The kinetics of oxygen uptake

One of the major features of an effectively functioning physiological system is its ability to respond to a particular stressor with rapid response characteristics. For example, during muscular exercise the greater the aerobic contribution to the energy transformations that fuel the muscular contraction the less is the reliance on anaerobic mechanisms – which are major contributors to the fatigue process (e.g. Hepple, 2002; Westerblad et al., 2002 for review). A rapid dynamic response profile of O₂ uptake is, consequently, a characteristic feature of subjects manifesting high exercise tolerance (e.g. Hagberg et al., 1980; Powers et al., 1985; Whipp et al., 2001). In order to understand the mechanisms controlling O₂ uptake at the lung (V̇O₂), the O₂ consumption in the skeletal muscle (mV̇O₂), and the factors that can dissociate them, it is naturally important to establish a precise characterization of the time course in order to draw justifiable control inferences. mV̇O₂, for example, is known to be controlled by enzymatic processes linked to high-energy phosphate turnover in the muscle: hence the ‘expected’ response profile is exponential (e.g.

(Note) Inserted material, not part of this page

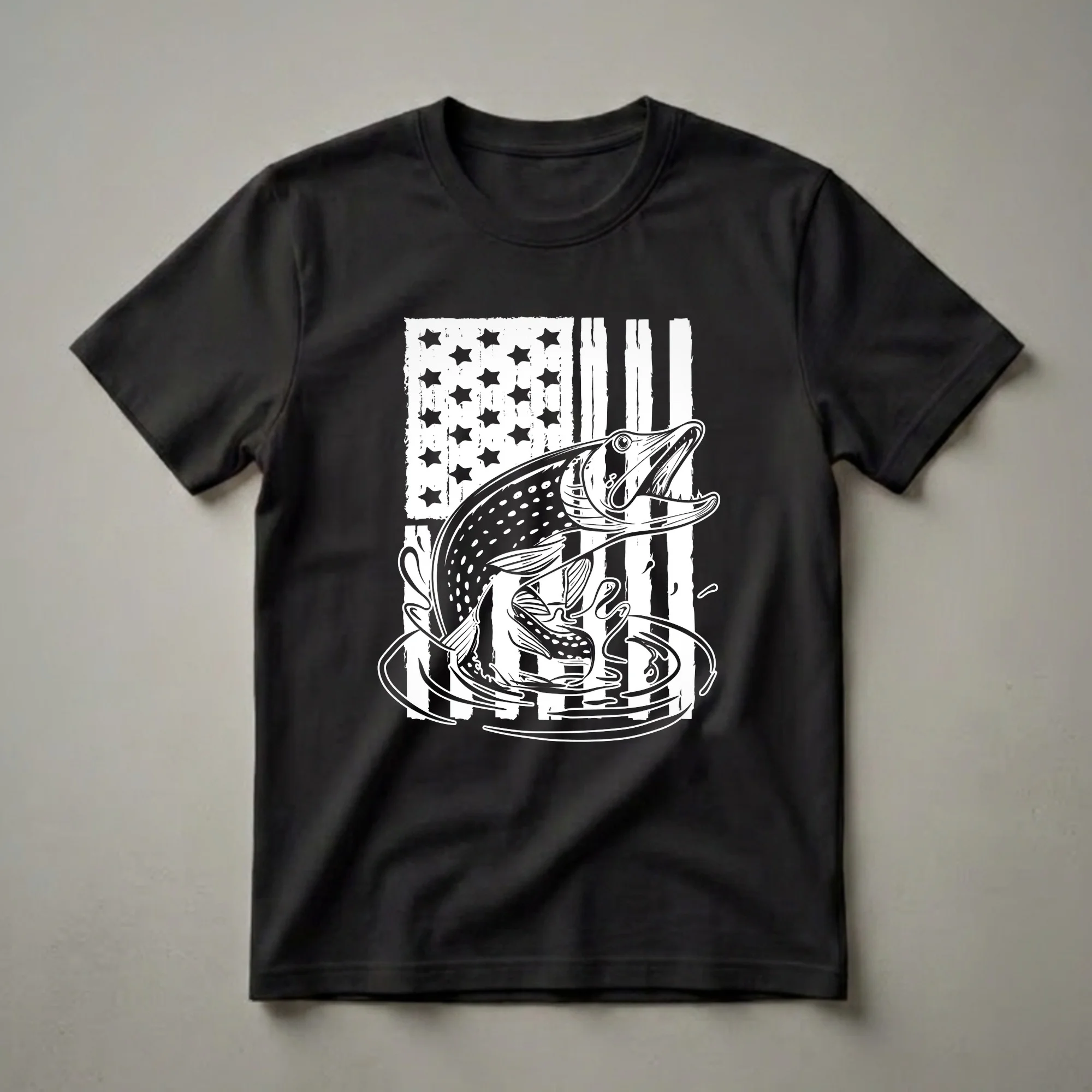 Anglers who appreciate the thrill of the catch will reach for this distinctive t-shirt. The design prominently features a dynamic illustration of a pike, a formidable freshwater predator known for its aggressive strikes and impressive size, leaping from stylized water. Behind the fish, a distressed American flag provides a patriotic backdrop, symbolizing a love for both the sport and the country. This graphic tee is a testament to the dedication of fishermen who spend their days on the water, seeking out these powerful game fish. Pike are found in many northern freshwater lakes and rivers across North America and Eurasia, often inhabiting weedy areas where they ambush their prey. This shirt makes a thoughtful gift for the fisherman in your life, whether they are celebrating a birthday or just love to cast a line. Wear it to your next fishing trip, to a casual outing with friends, or while watching your favorite sports team.

Chance et al., 1955; Owen and Wilson, 1974; Holian et al., 1977; Bessman and Geiger, 1981; Mahler, 1985; Saks et al., 2001; and see Wilson, 1994 for review). And so the attention given to exponential analysis is not that it is simply a convenient fitting strategy – there are other models that would give a more or less adequate fit to the data – it is that the exponential provides the potential for establishing justifiable physiological equivalents of the response parameters. An understanding of the basic features of the exponential is therefore essential to making physiological inferences from exercise transients.